Would you please set down the data again exactly as given, excluding the pictures?
== Segment start ==
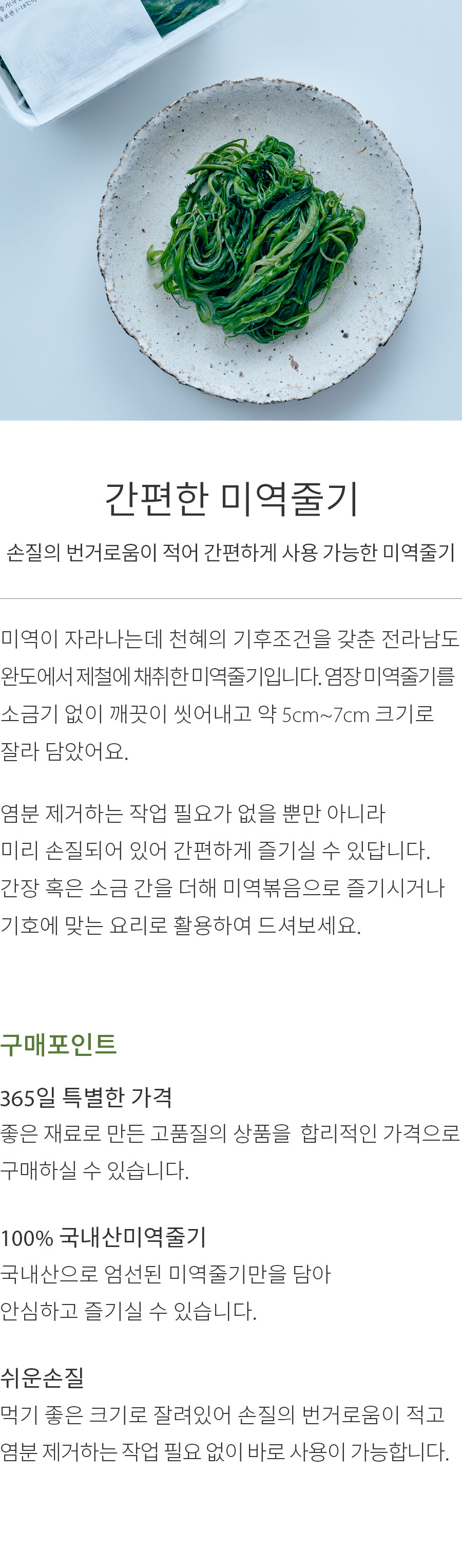 씻어나와 간편한 미역줄기 (200g) 수량빼기 수량추가 3,600 원 총 수량 1 개 3,600 원 구매옵션 닫기 찜하기 추가 찜하기 삭제 구매후기 1,617 상품상세 정기구독 장바구니 정기구독 장바구니 구매하기 정기배송 장바구니
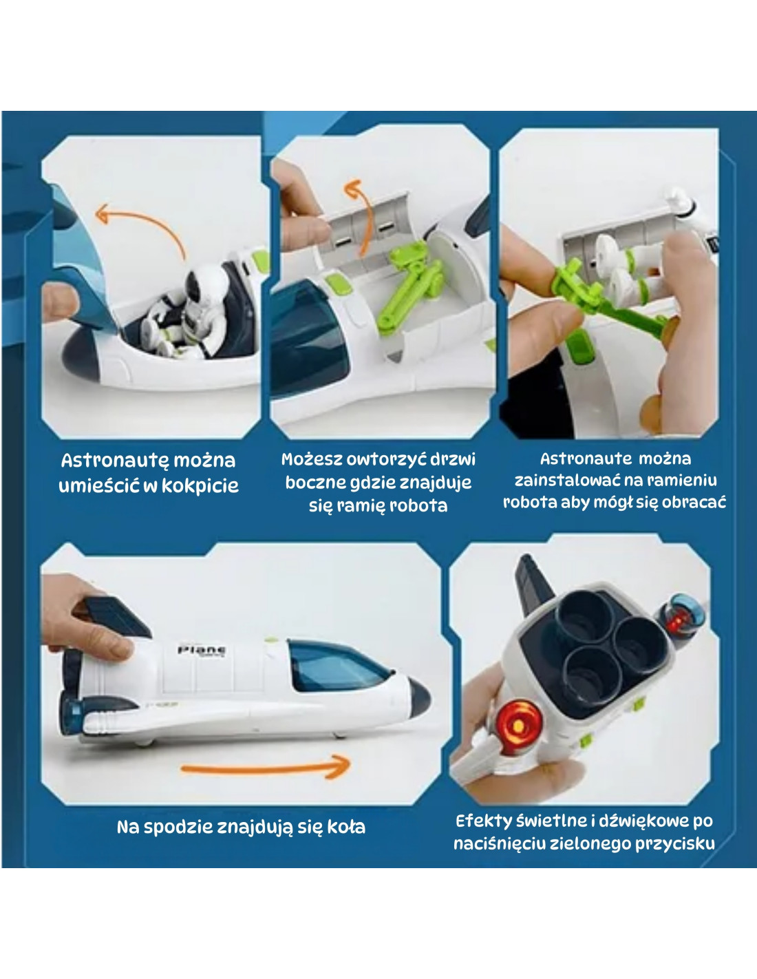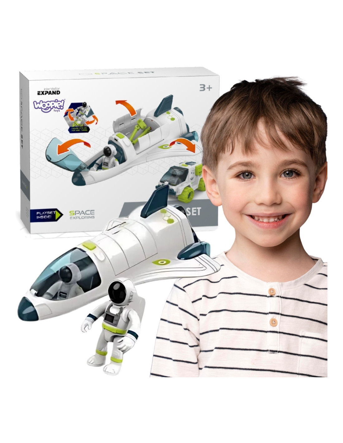 Enter the world of fascinating space exploration with the Woopie Space Shuttle and Rover Set ! It's perfect for little explorers who dream of conquering alien planets. Thanks to its clever design and interactive features, children not only have fun but also develop their cognitive, motor, and imagination skills. The shuttle's side doors open to reveal the loading area, and the movable robotic arm , to which an astronaut figure can be attached, rotates and simulates space exploration. On the rover's roof is an interactive radar – with the press of a button, the antenna automatically raises, adding an extra element of fun and surprise. That's not all! After completing the mission, simply press the front bumper and the radar automatically retracts – it's like real space technology in miniature! The set offers light and sound effects , moving parts , and educational features that support children's development on many levels. It's not just a toy - it's the beginning of a real interstellar adventure that starts in your home!
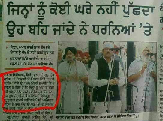 ਅਕਾਲੀ ਦਲ ਦੇ ਪ੍ਰਧਾਨ ਨੇ ਅਪਨੇ ਇਕ ਭਾਸ਼ਣ ਦੌਰਾਨ ਬੜੇ ਜੋਰ ਸ਼ੋਰ ਨਾਲ ਕਿਹਾ ਸੀ ਕਿ ਧਰਨੇ
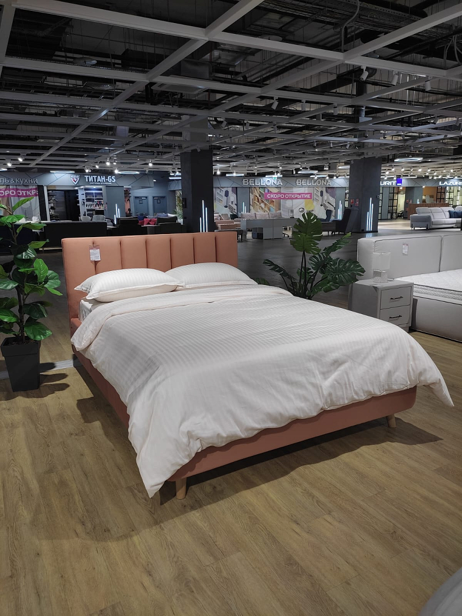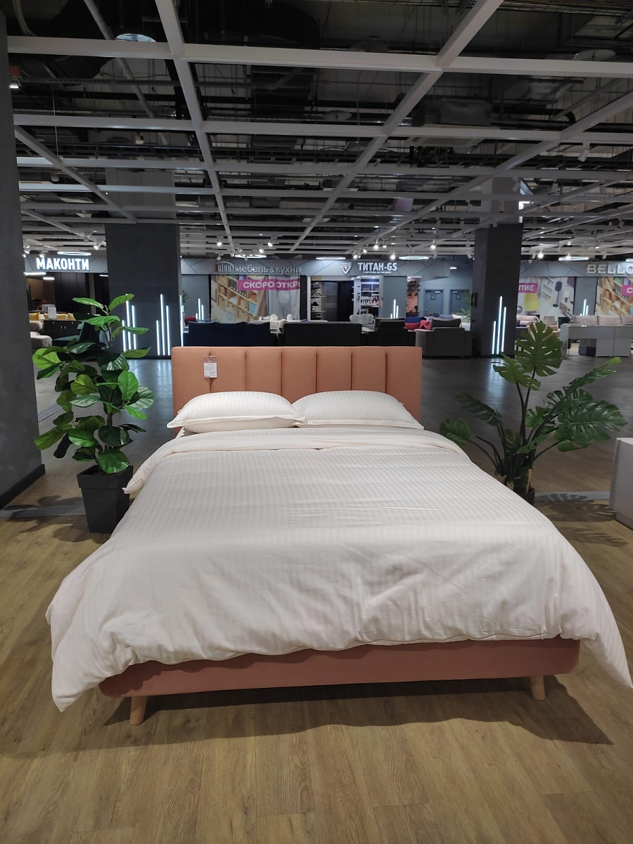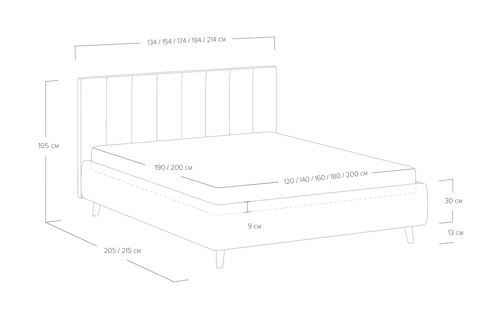 Кровать «Alma» подойдет для современных интерьеров спален, а благодаря деревянным ножкам впишется в стиль ретро, скандинавский или минимализм. В комплект входит металлическое основание с деревянными ламелями. Кровать может быть укомплектована подъёмным механизмом с бельевым ящиком.
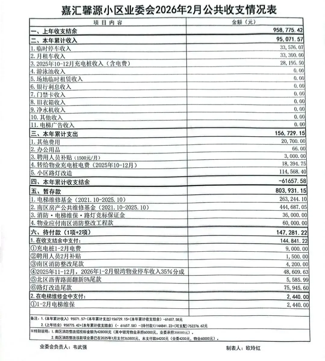 (一)截止2026年2月28日,小区公共收支可支配款累计为752276.62元,详见下表:
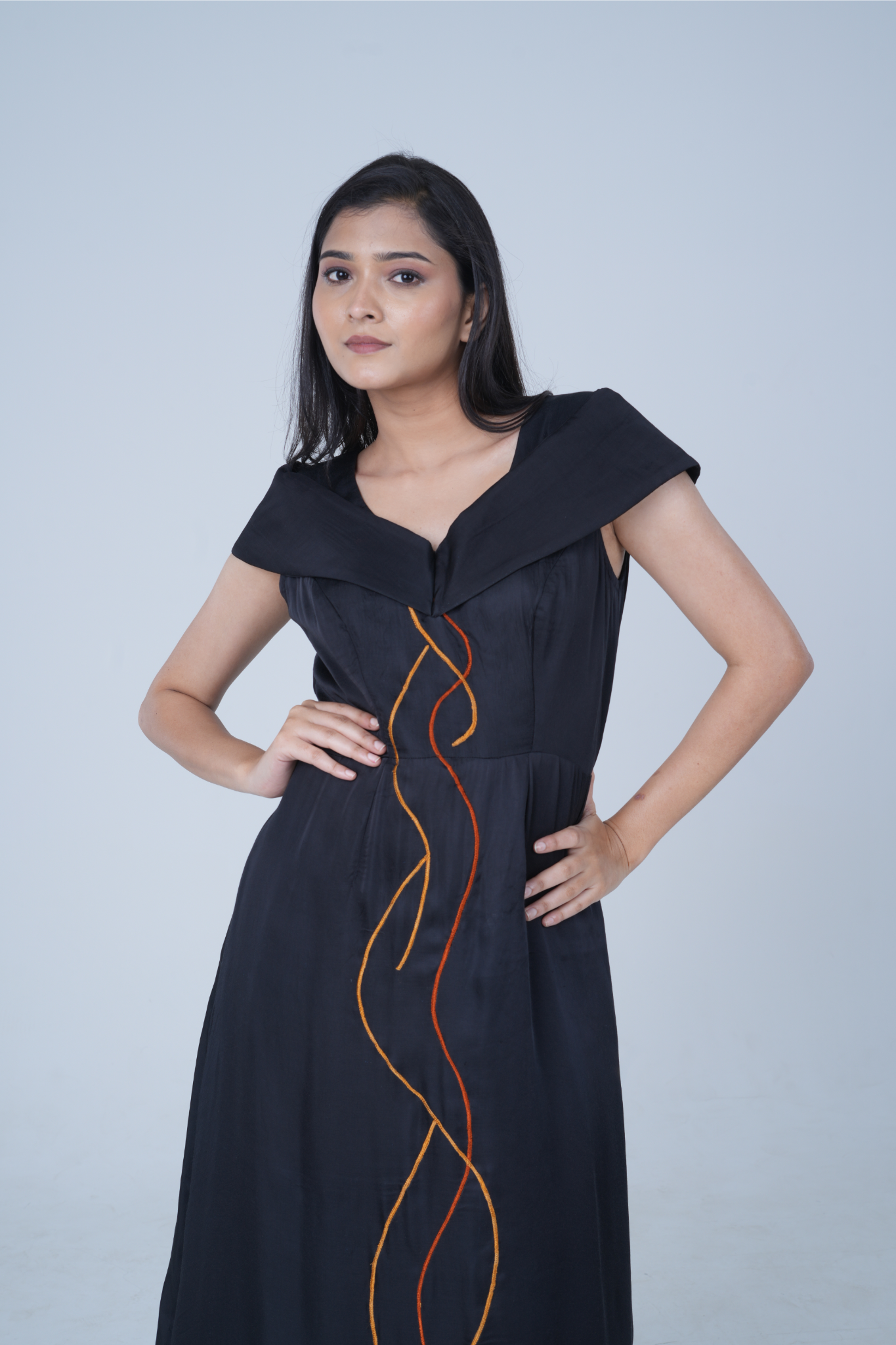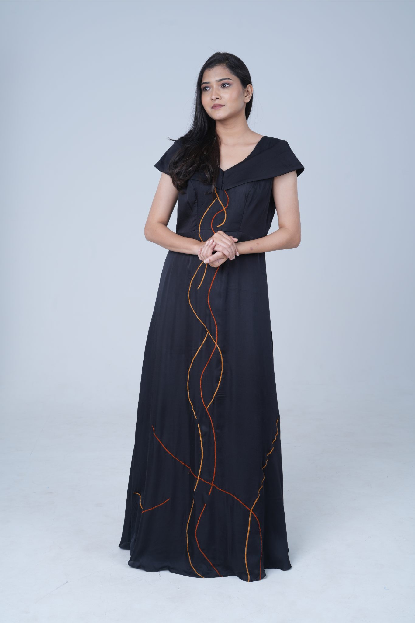 Embroidery: Abstract embroidery in playful, swirling patterns adorns the bodice. This adds a dynamic and artistic element, evoking a sense of movement and spontaneity.
== Segment end ==
[Task solution]
 씻어나와 간편한 미역줄기 (200g) 수량빼기 수량추가 3,600 원 총 수량 1 개 3,600 원 구매옵션 닫기 찜하기 추가 찜하기 삭제 구매후기 1,617 상품상세 정기구독 장바구니 정기구독 장바구니 구매하기 정기배송 장바구니
 Enter the world of fascinating space exploration with the Woopie Space Shuttle and Rover Set ! It's perfect for little explorers who dream of conquering alien planets. Thanks to its clever design and interactive features, children not only have fun but also develop their cognitive, motor, and imagination skills. The shuttle's side doors open to reveal the loading area, and the movable robotic arm , to which an astronaut figure can be attached, rotates and simulates space exploration. On the rover's roof is an interactive radar – with the press of a button, the antenna automatically raises, adding an extra element of fun and surprise. That's not all! After completing the mission, simply press the front bumper and the radar automatically retracts – it's like real space technology in miniature! The set offers light and sound effects , moving parts , and educational features that support children's development on many levels. It's not just a toy - it's the beginning of a real interstellar adventure that starts in your home!
 ਅਕਾਲੀ ਦਲ ਦੇ ਪ੍ਰਧਾਨ ਨੇ ਅਪਨੇ ਇਕ ਭਾਸ਼ਣ ਦੌਰਾਨ ਬੜੇ ਜੋਰ ਸ਼ੋਰ ਨਾਲ ਕਿਹਾ ਸੀ ਕਿ ਧਰਨੇ
 Кровать «Alma» подойдет для современных интерьеров спален, а благодаря деревянным ножкам впишется в стиль ретро, скандинавский или минимализм. В комплект входит металлическое основание с деревянными ламелями. Кровать может быть укомплектована подъёмным механизмом с бельевым ящиком.
 (一)截止2026年2月28日,小区公共收支可支配款累计为752276.62元,详见下表:
 Embroidery: Abstract embroidery in playful, swirling patterns adorns the bodice. This adds a dynamic and artistic element, evoking a sense of movement and spontaneity.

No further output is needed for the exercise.